High Command suffered from extremely poor AI, although the game was the best operational design for the subject.
It also suffered from flawed implementation, so it does not bear out comparison in Human-Human mode either.
I actually sat down and played a face to face game with a good friend of mine. I think one of us watched a war movie while the other took their turn. We happened to be rooming at the time, so we had plenty of ftf time. He played the Germans.
As might be expected, France fell, as I recall it was relatively normal and about the normal time (summer of 1940). With the following major exception :
- At the time France fell, indeed on the very turn, I had substantial British forces in France which I was in the process of evacuating. To perform the evacuation, I had about 1/3 of the Home Fleet in a coastal hex in France, part of which was also performing a shore bombardment in an adjacent hex.
So, France surrenders. For some reason, the game treated the British naval units in the coastal hex of France as French naval units, and they were apportioned off in the usual Vichy way. Meaning, I lost about 1/3 of my fleet. Gone. Disappeared. No combat.
My friend and I discussed the situation, and agreed to play on.
The first thing I needed to do was consolidate all remaining fleet elements, which I did. My friend launched an invasion where I happened to be doing this (near Rosyth), which got through the entire British fleet. His troops landed and took out the Marines unit I had there, and captured Rosyth. I don't have a quarrel with this as some kind of implementation problem. It was ballsy play on the part of my friend, combined with some good luck on his part.

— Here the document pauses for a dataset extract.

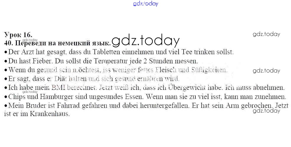 На страницах сайта gdz.today вы найдете учебный и вспомогательный материал, направленный на улучшения знаний школьной программы. ГДЗ - онлайн мир знаний Решение к главе 4. Здоровье 40 Рабочей тетради по Немецкому языку для 7 класса Радченко, Глушак Просвещение Wunderkinder 2012

Again, however, I decided to play on.
Within a few turns, however, some really stupid things began happening, which included the mystical re-deployment of some of my units to somewhere near Armenia where they could not be retrieved.
I never played the game again. The fleet surrender and mystical redeployment were indicative of very sloppy coding and quality control, bad testing, etc. The fact that 360 filed bankruptcy later only reinforced that opinion.
As a game design, High Command could and should be re-examined and cleaned up a bit for re-release. It beats all other games on the topic hands down, including this one. If only it could have had better AI and clean coding, I'd probably still be playing it.